There are comments throughout which are reminders for me and which may be useful to you.

The script is designed to run with data in the repository by default but you can pass it your own "show ip arp" output with the -o option.

Using the -i option will drop you into iPython with all of the data still in memory for you to use. This will allow you to interrogate the data in the Data Frame yourself..

If you would like to use it make sure you clone or download the repository and set up the expected environment.

Options for the arp_interrogate.py script:

(pandas) Claudias-iMac:pandas_neteng claudia$ python arp_interrogate.py -h
usage: arp_interrogate.py [-h] [-t TEMPLATE_FILE] [-o OUTPUT_FILE] [-v]
                        [-f FILENAME] [-s] [-i] [-c]

Script Description

optional arguments:
-h, --help           show this help message and exit
-t TEMPLATE_FILE, --template_file TEMPLATE_FILE
                      TextFSM Template File
-o OUTPUT_FILE, --output_file OUTPUT_FILE
                      Full path to file with show command show ip arp output
-v, --verbose         Enable all of the extra print statements used to
                      investigate the results
-f FILENAME, --filename FILENAME
                      Resulting device data parsed output file name suffix
-s, --save           Save Parsed output in TXT, JSON, YAML, and CSV Formats
-i, --interactive     Drop into iPython
-c, --comparison     Show Comparison

Usage: ' python arp_interrogate.py Will run with default data in the
repository'
(pandas) Claudias-iMac:pandas_neteng claudia$

Study Guide

A Quick Introduction to the “Pandas” Python Library

https://towardsdatascience.com/a-quick-introduction-to-the-pandas-python-library-f1b678f34673

For me this is the class that made all the other classes start to make sense.

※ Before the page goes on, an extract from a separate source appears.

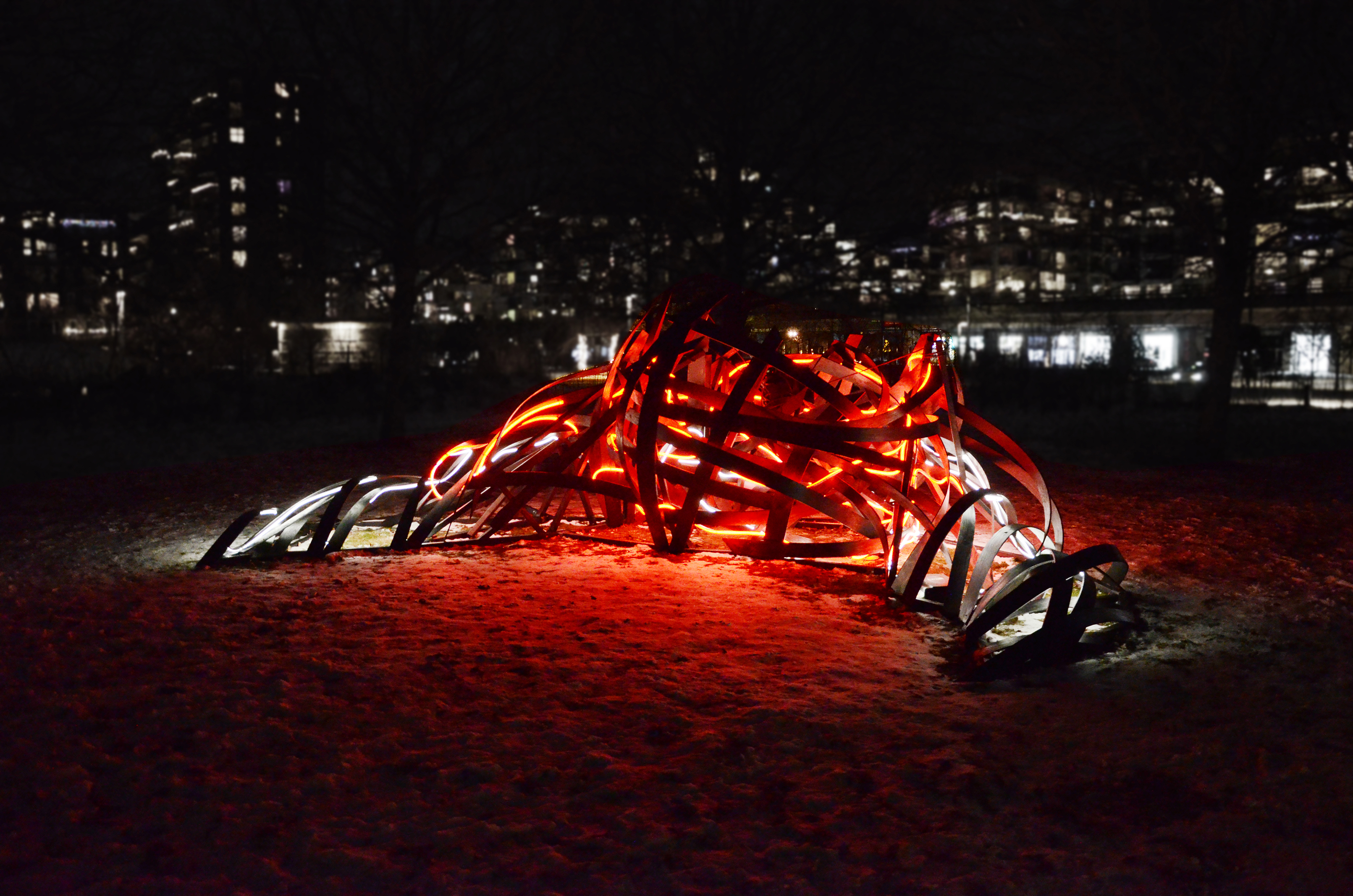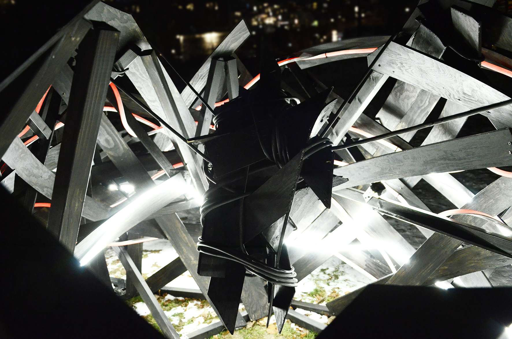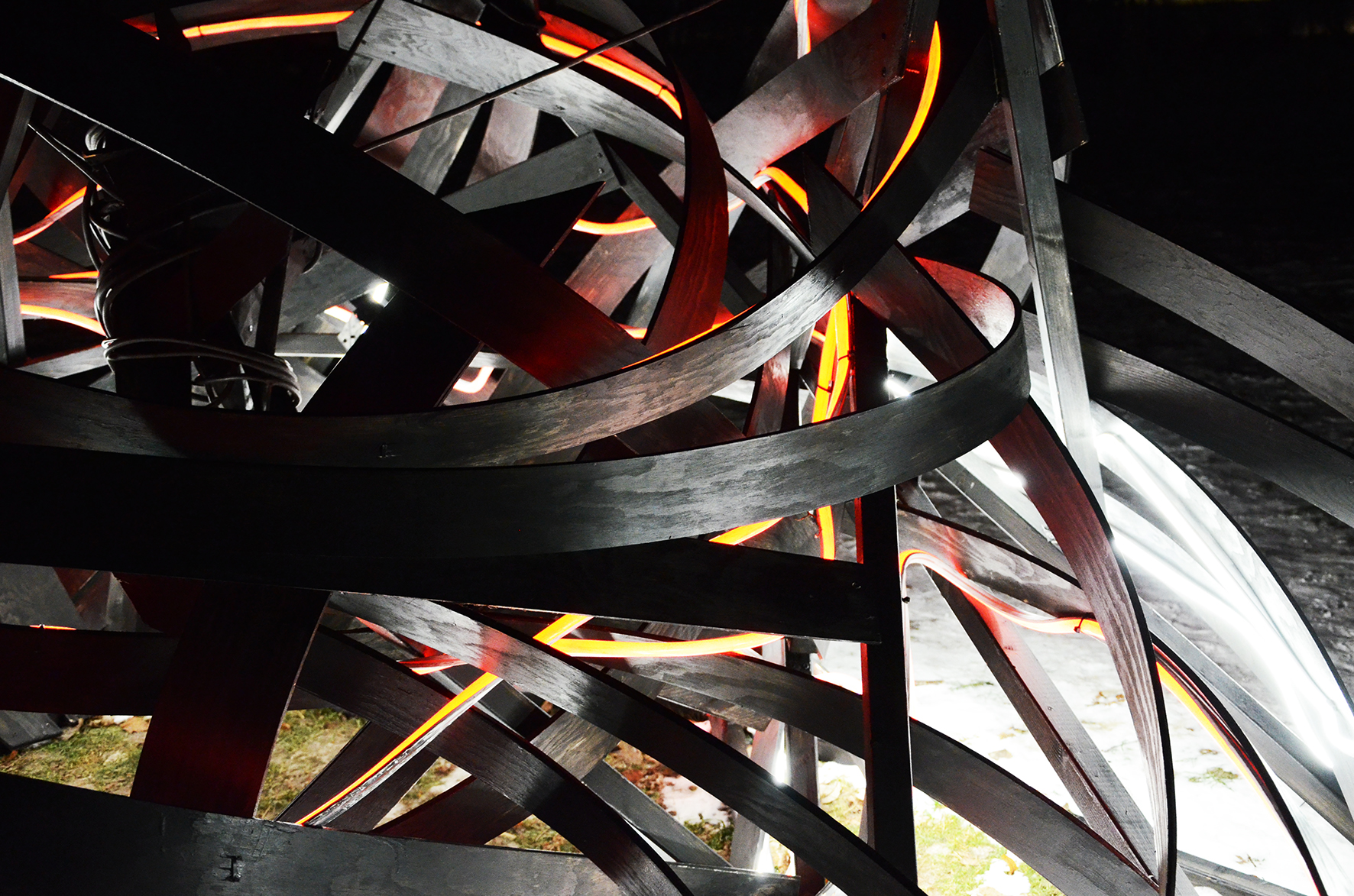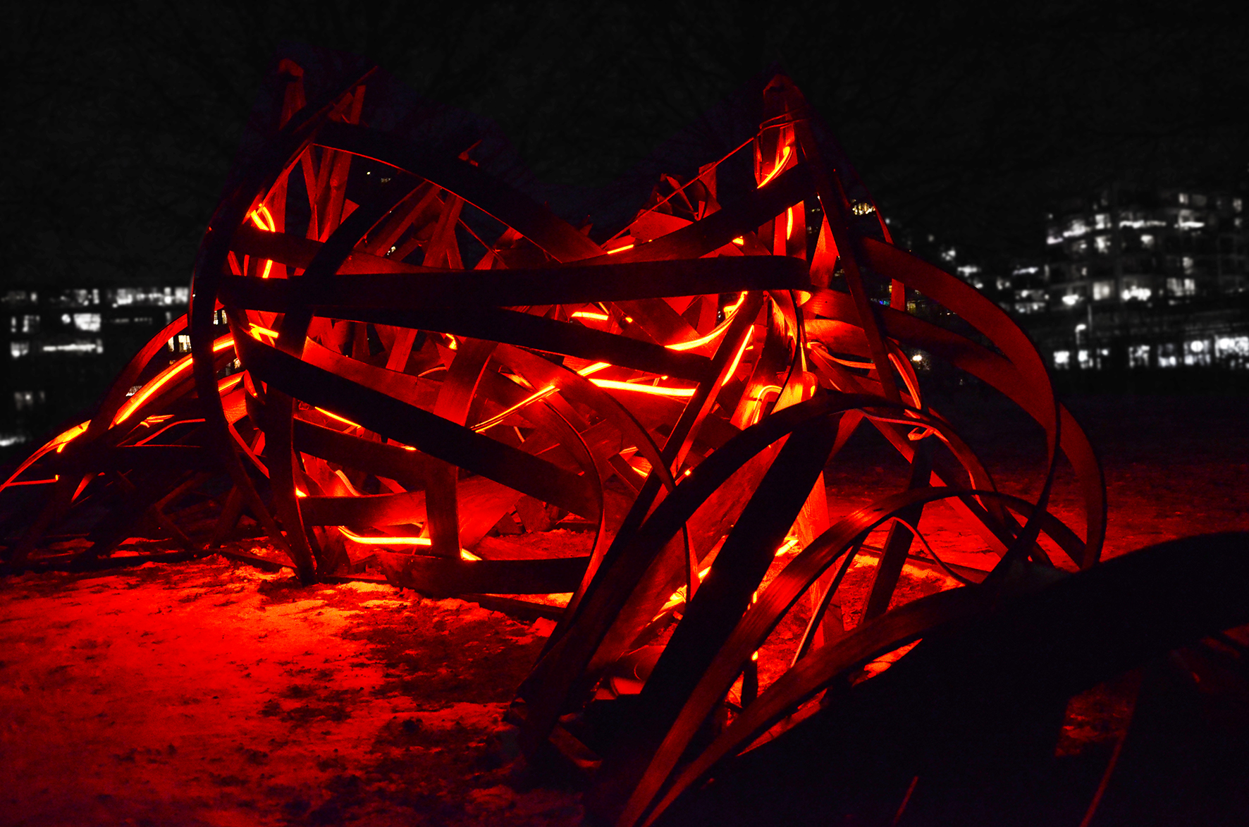 Using materials such as thin plywood planks and Neon Flex LED, the installation consists of deformed surface fragments of the human body bound together to form a structure that engages with the surrounding environment through its own energy. It moves dynamically in the air, appearing and disappearing, simultaneously dominating and infiltrating the space. Resembling an abstract body in the midst of transformation, the work highlights a continual shift between something and nothing, presence and dissolution. In this sense, the installation can be understood as an experimental interplay — a fragment of a closed space, a shelter, or a remnant of what has occurred or what may yet emerge.

Note that this class is not Free.

Pandas Fundamentals by Paweł Kordek on PluralSight is exceptionally good.

There is quite alot to Pandas and it can be overwhelming (at least it was for me) but this course in particular got me working very quickly and explained things in a very clear way.

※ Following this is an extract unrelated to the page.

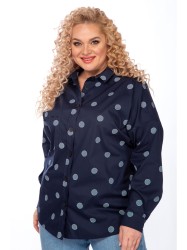 Нежная блузка свободного кроя, которая прекрасно вольется в повседневную жизнь и станет одной из любимых базовых вещей в Вашем гардеробе. Блузка выполнена из натуральной хлопковой ткани в горох. Спущенный длинный рукав, присобранный на манжету с пуговицами. По переду блузка украшена накладным карманом, застегивается на пуговицы. Спинка прямая, воротник классический. Изделие хорошо сочетается как с брюками, так и с юбками. Светлый цвет придаст Вашему образу женственности и нежности.
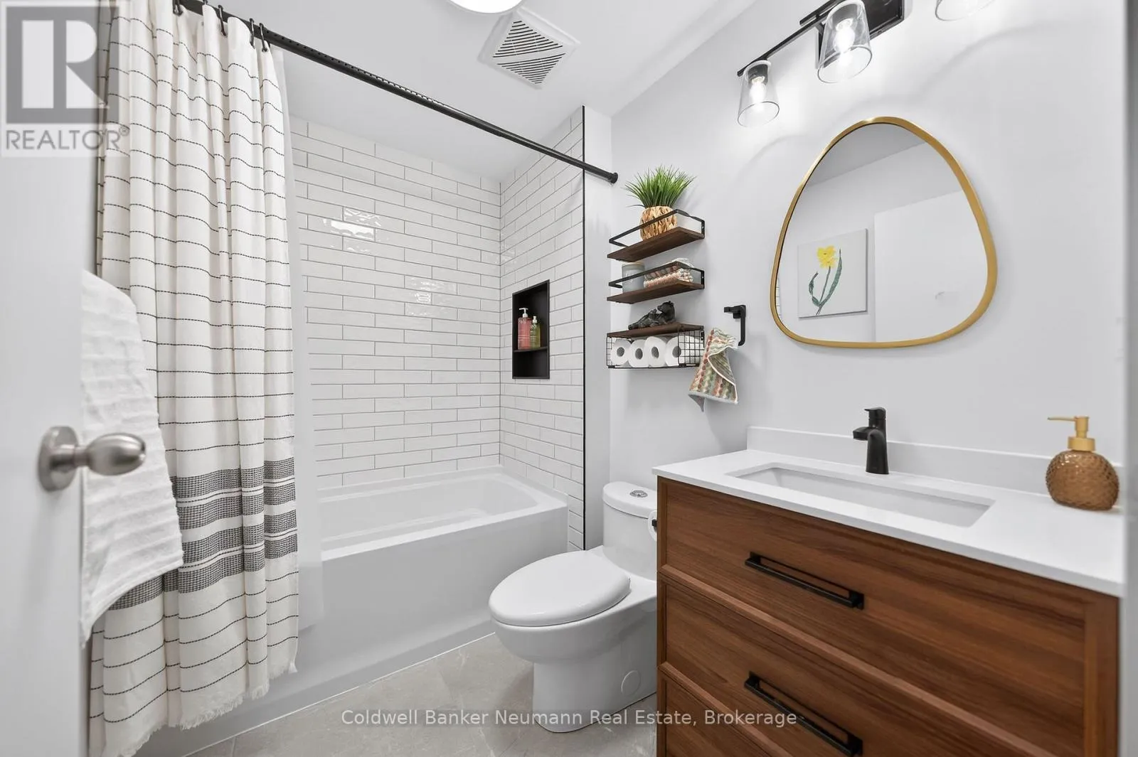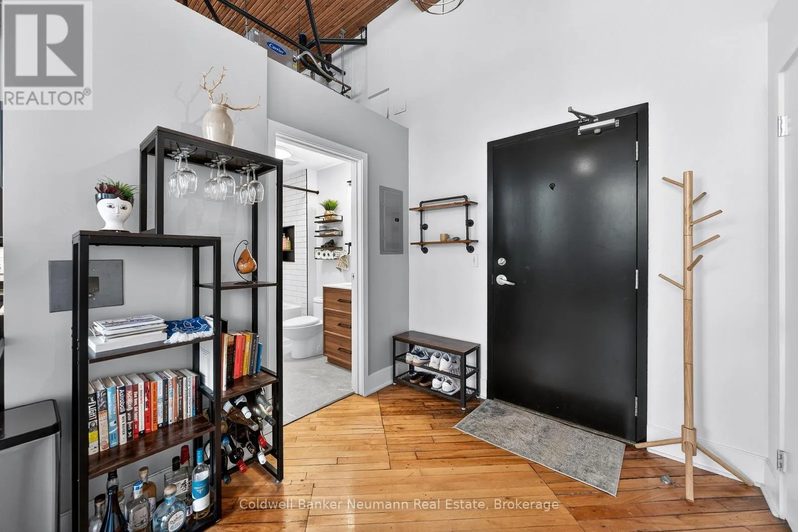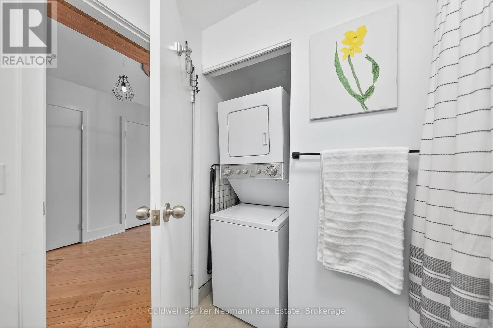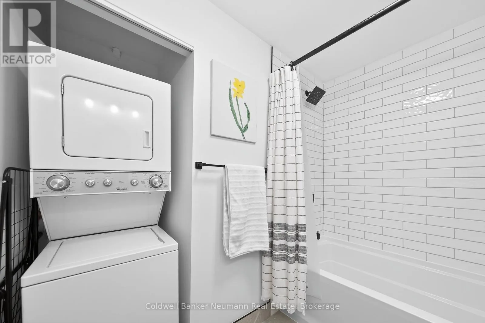 Cross Streets: Cross St & Arthur St S. ** Directions: Wellington - Neeve - Ontario. Authentic loft living in the heart of Guelph. Located in the highly desirable Mill Lofts, this corner unit is a one-bedroom, one-bathroom. it showcases the timeless appeal of true industrial design paired with thoughtful modern updates.Rich exposed brick walls set the tone throughout the space, adding warmth, texture, and undeniable character you simply won't find in newer builds. The open-concept layout is complemented by high ceilings and oversized windows, creating a bright and inviting atmosphere.The proffesionally remodeled bathroom by Urban Uplift, delivers a fresh, contemporary feel with updated finishes designed for everyday comfort.The kitchen flows seamlessly into the living area, making it ideal for both relaxed living and entertaining. Every corner of this unit reflects a balance of historic charm and practical functionality.Set in one of Guelph's most vibrant neighbourhoods, you're just steps to the GO Station, downtown amenities, and scenic trails along the Speed River-perfect for those who value both convenience and lifestyle. (id:27476)

Python Pandas Tutorial 2: Dataframe Basics by codebasics <- good for Pandas operations and set_index

Python Pandas Tutorial 5: Handle Missing Data: fillna, dropna, interpolate by codebasics

Python Pandas Tutorial 6. Handle Missing Data: replace function by codebasics

Real Python <- this is terrific resource for learning Python

There is a lot of content here. Explore at will. The two below I found particularly helpful.

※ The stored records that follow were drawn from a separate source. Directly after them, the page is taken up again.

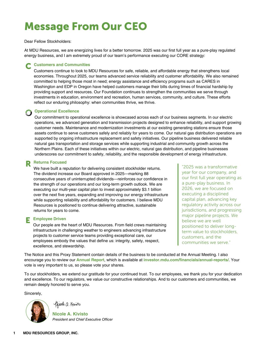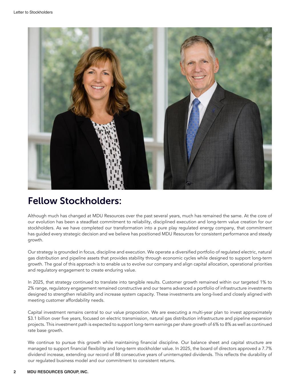 Fellow Stockholders: Although much has changed at MDU Resources over the past several years, much has remained the same. At the core of our evolution has been a steadfast commitment to reliability, disciplined execution and long-term value creation for our stockholders. As we have completed our transformation into a pure play regulated energy company, that commitment has guided every strategic decision and we believe has positioned MDU Resources for consistent performance and steady growth. Our strategy is grounded in focus, discipline and execution. We operate a diversified portfolio of regulated electric, natural gas distribution and pipeline assets that provides stability through economic cycles while designed to support long‑term growth. The goal of this approach is to enable us to evolve our company and align capital allocation, operational priorities and regulatory engagement to create enduring value. In 2025, that strategy continued to translate into tangible results. Customer growth remained within our targeted 1% to 2% range, regulatory engagement remained constructive and our teams advanced a portfolio of infrastructure investments designed to strengthen reliability and increase system capacity. These investments are long‑lived and closely aligned with meeting customer affordability needs. Capital investment remains central to our value proposition. We are executing a multi‑year plan to invest approximately $3.1 billion over five years, focused on electric transmission, natural gas distribution infrastructure and pipeline expansion projects. This investment path is expected to support long-term earnings per share growth of 6% to 8% as well as continued rate base growth. We continue to pursue this growth while maintaining financial discipline. Our balance sheet and capital structure are managed to support financial flexibility and long‑term stockholder value. In 2025, the board of directors approved a 7.7% dividend increase, extending our record of 88 consecutive years of uninterrupted dividends. This reflects the durability of our regulated business model and our commitment to consistent returns. Letter to Stockholders MDU RESOURCES GROUP, INC.2
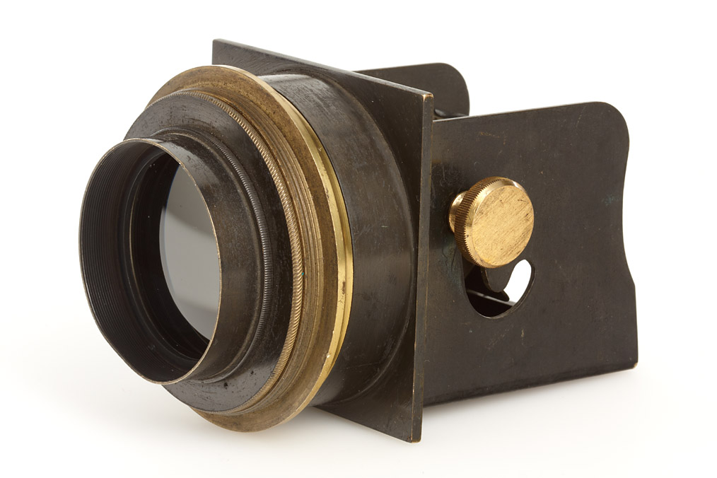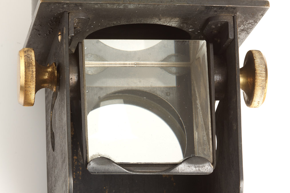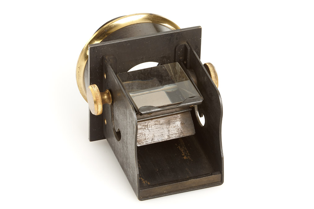 rare brass lens with adjustable prism to mount in front of a magic lantern lens
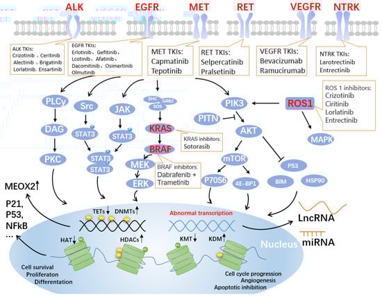 Genes and pathways associated with targeted drugs for NSCLC. Four critical signaling pathways include JAK-STAT, MAPK, PLC-gamma (phospho-lipase C gamma), and PI3K-AKT. These pathways are well-known controllers of cell cycle progression, proliferation, and apoptosis/cell survival; deregulation is a frequent characteristic of human malignancies. Alterations in key pathways will affect DNA methylation modifications, such as increased DNA methyltransferases (DNMTs) and decreased the ten-eleven translocation methylcytosine dioxygenases (TETs), further allowing overexpression of mesenchymal homology box 2 (MEOX2), whose expression is negatively correlated with patient survival. Additionally, post-translational histone modifications were affected. As shown in the figure, histone acetyltransferases (HATs), histone deacetylases (HDACs, also known as lysine deacetylases or KDACs), the lysine methyltransferases (KMTs) and lysine demethylases (KDMs) undergo corresponding up- or downregulation, affecting the expression of P21, P53, nuclear factor κB (NFκB), and other related proteins that are closely related to the cell cycle. Non-coding RNAs, such as long non-coding RNAs (LncRNAs) and miRNAs, are produced as a result of abnormal transcription. The lncRNA is a brand-new class of regulatory RNA. The LncRNA HOX antisense intergenic RNA (HOTAIR), an oncogene in NSCLC, is one of the significant factors controlling the growth of malignancies. Unknown are the immunomodulatory pathway and probable molecular mechanism involved in NSCLC. Notably, the graphic labels current FDA-approved medications that target EGFR, ALK, MET, RET, VEGF, NTRK, ROS1, KRAS, and BRAF.
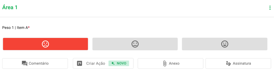 → Atenção: Para criar uma ação, é necessário que, no modelo de checklist, o item esteja configurado com o complemento "Ação" habilitado.

https://realpython.com/search?q=pandas

Intro to DataFrames by Joe James <--great 'cheatsheet'



What others have shared...

Analyzing Wireshark Data with Pandas


Disclaimer

THE SOFTWARE in the mentioned repository IS PROVIDED “AS IS”, WITHOUT WARRANTY OF ANY KIND, EXPRESS OR IMPLIED, INCLUDING BUT NOT LIMITED TO THE WARRANTIES OF MERCHANTABILITY, FITNESS FOR A PARTICULAR PURPOSE AND NON INFRINGEMENT. IN NO EVENT SHALL THE AUTHORS OR COPYRIGHT HOLDERS BE LIABLE FOR ANY CLAIM, DAMAGES OR OTHER LIABILITY, WHETHER IN AN ACTION OF CONTRACT, TORT OR OTHERWISE, ARISING FROM, OUT OF OR IN CONNECTION WITH THE SOFTWARE OR THE USE OR OTHER DEALINGS IN THE SOFTWARE.